**Input data**

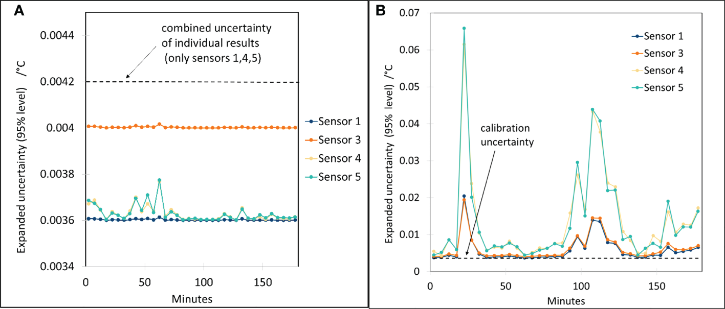 a) The combined uncertainty value of a result is in the order of the calibration uncertainty. Hence, fluctuation uncertainty is small compared to calibration uncertainty, as can be seen in the left-hand side of Figure 6. Temperature can be assumed stable and homogenous in the vicinity of the sensors. In this case, the uncertainties of all sensors will overlap quite well, as can be seen in the cloud on the left-hand side of Figure 7 (around 80 min). Each sensor measures a good estimate for the mean temperature and the combined uncertainty of the sensor result is a good estimate for the uncertainty of the temperature in the considered time window and measurement volume. The deviation of an individual sensor (e.g., that of sensor 5) from the mean cannot necessarily be considered as systematic measurement bias that should be compensated. In fact, the deviation lies in the range of the calibration uncertainty. Correcting results for deviations that are smaller than calibration uncertainty, cannot be justified.
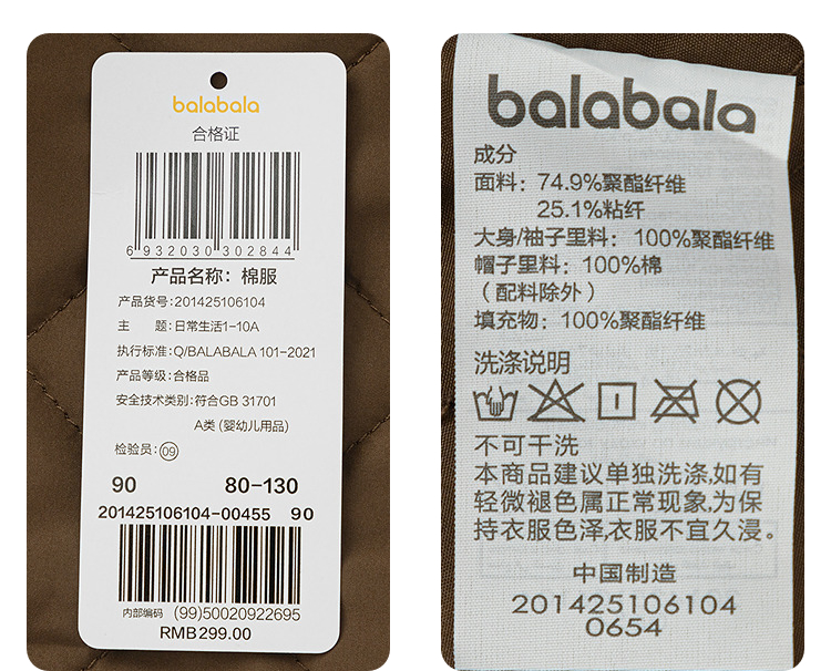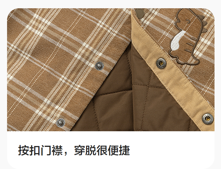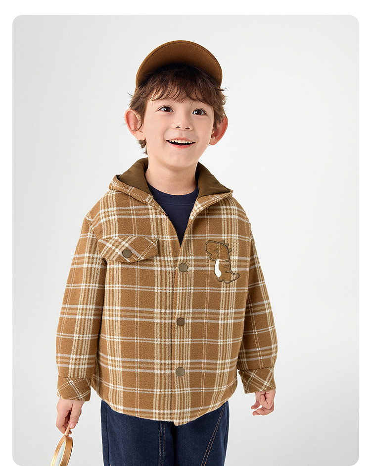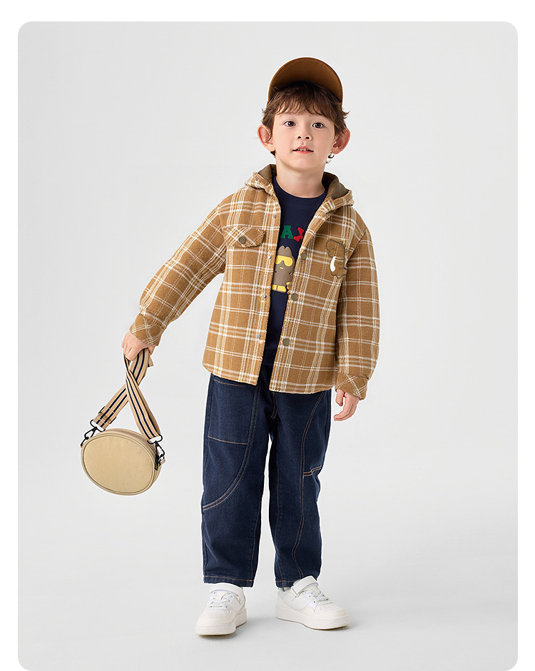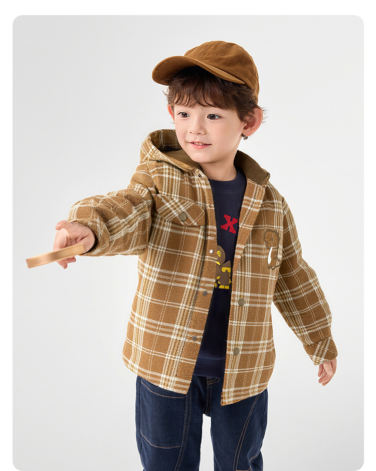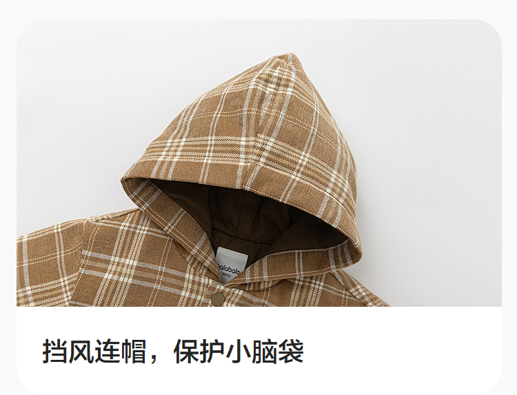 巴拉巴拉儿童棉服宽松连帽外套格纹男童冬装2025新款
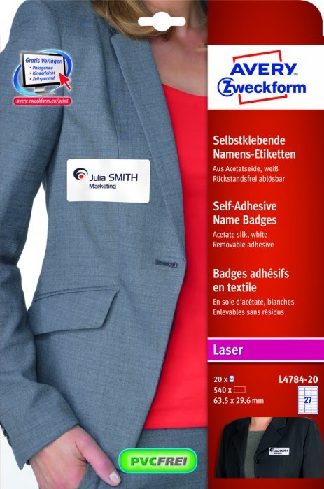 Samoprzylepne identyfikatory L4784-20 63,5×29,6 20 ark., białe, sztuczny jedwab, Avery Zweckform

**Exercise prompt**
Output each line above exactly. Skip the images.

**Problem solution**
 a) The combined uncertainty value of a result is in the order of the calibration uncertainty. Hence, fluctuation uncertainty is small compared to calibration uncertainty, as can be seen in the left-hand side of Figure 6. Temperature can be assumed stable and homogenous in the vicinity of the sensors. In this case, the uncertainties of all sensors will overlap quite well, as can be seen in the cloud on the left-hand side of Figure 7 (around 80 min). Each sensor measures a good estimate for the mean temperature and the combined uncertainty of the sensor result is a good estimate for the uncertainty of the temperature in the considered time window and measurement volume. The deviation of an individual sensor (e.g., that of sensor 5) from the mean cannot necessarily be considered as systematic measurement bias that should be compensated. In fact, the deviation lies in the range of the calibration uncertainty. Correcting results for deviations that are smaller than calibration uncertainty, cannot be justified.
 巴拉巴拉儿童棉服宽松连帽外套格纹男童冬装2025新款
 Samoprzylepne identyfikatory L4784-20 63,5×29,6 20 ark., białe, sztuczny jedwab, Avery Zweckform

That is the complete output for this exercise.